AWS Data Analytics - keshavbaweja-git/guides GitHub Wiki
Data Analysis Work flow
- Ingest/Collect
- Store
- Process/Analyze
- Visualize
Analysis
is a detailed examination of something in order to understand its nature or determine its essential features.
Analytics
is the systematic analysis of data.
Data analytics
is the specific analytical process being applied.
Several Data analytic processes can be combined to produce a data analysis solution.
Data Sources
- Human generated data (largest form of data)
- Computer generated data (based on human input)
- Application/infrastructure logging (can provide valuable insights)
Big Data Challenges
- Volume
- Variety
- Velocity
- Veracity
- Degree to which data is accurate, precise and trusted.
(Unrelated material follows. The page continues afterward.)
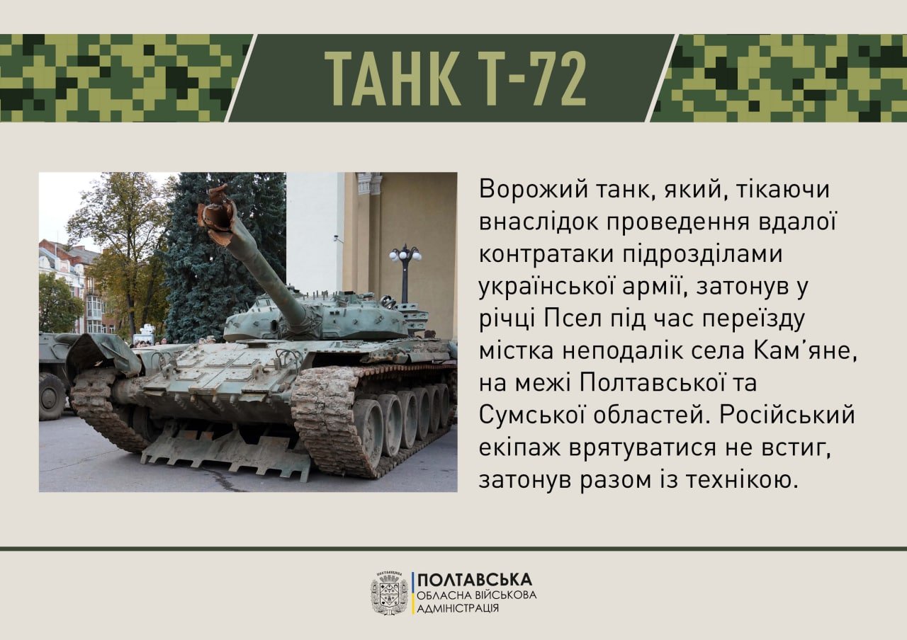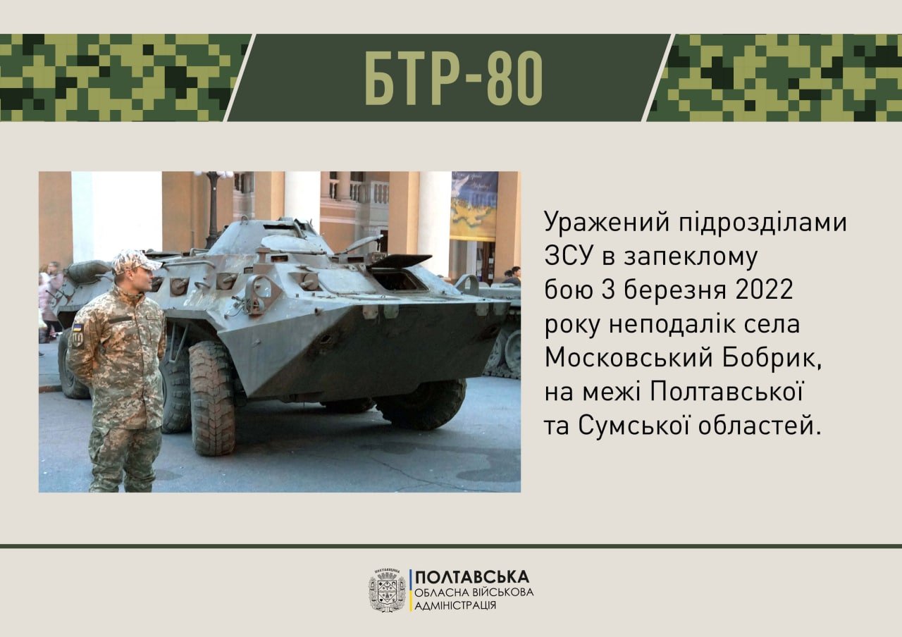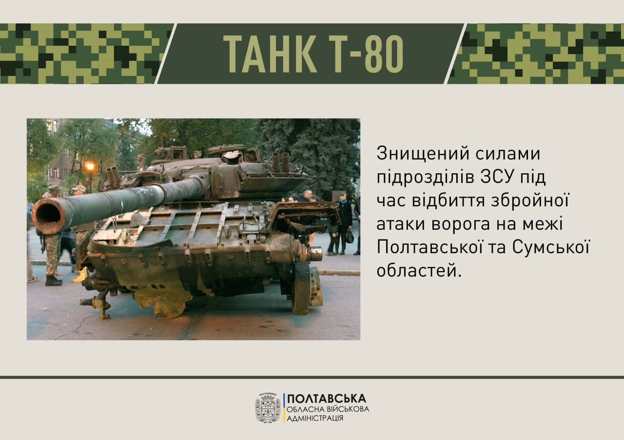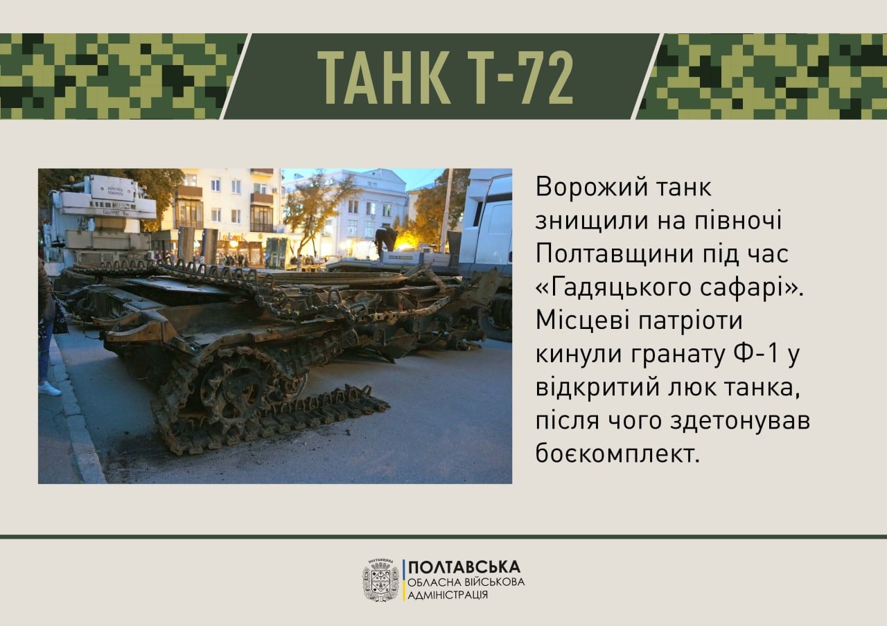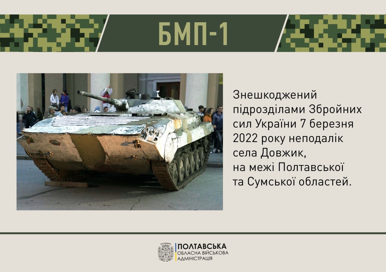 У Полтавській ОВА розповіли невеликі історії знищеної техніки росіян. Нагадаємо, 22 вересня до Дня Полтави в обласному центрі облаштували експозицію.

Data analytics solutions should be able to identify common flaws in data and fix them before data is stored. This is known as data cleansing. Data cleansing must be completed within the time requirements of the solution, up to and including real time processing speeds.
- Value
- The ability of the data analytics solution to extract meaningful information from the data that has been stored and analyzed. Solutions must be able to produce right form of analytical results to inform business decision makers and stakeholders of insights using trusted reports and dashboards.
Data Sources
- Internal databases and file stores
- Data is usually highly structured, processing requirements within a data analytics solutions are less.
- Streaming Data
- Semi structured/unstructured data
- At high velocity, may require special software for data collection and processing.
- Public Data sets
- May require transformations for internal analytics.
Data Lake
A Data Lake is a centralized repository(single source of truth) that allows you to store structured, semi-structured and unstructured data at any scale.
AWS S3 provides a centralized data storage solution that can be used with a variety of data analytics tools without data movement.
Data Lakes such as one built on top AWS S3 are cheaper the specialized data storage solutions. Data is loaded into Data Lake in raw format and ETL processes are applied by different data analytics tools against Data Lake.
A data lake on AWS can help you do the following:
- Collect and store any type of data, at any scale, and at low cost
- Secure the data and prevent unauthorized access
- Catalog, search, and find the relevant data in the central repository
- Quickly and easily perform new types of data analysis
- Use a broad set of analytic engines for one-time analytics, real-time streaming, predictive analytics, AI, and machine learning
Data Warehouse
A centralized repository of structured data from many data sources. This data is transformed, aggregated and prepared before it is loaded into Data Warehouse. DW store transactional data from many different data sources in a format that facilitates efficient execution of complex queries. DW provides Curated data sets for faster analysis.
Amazon Redshift is a Data Warehouse service supporting GB, PB data sizes.Amazon Redshift Spectrum allows you to combine S3 and Redshift in a single query.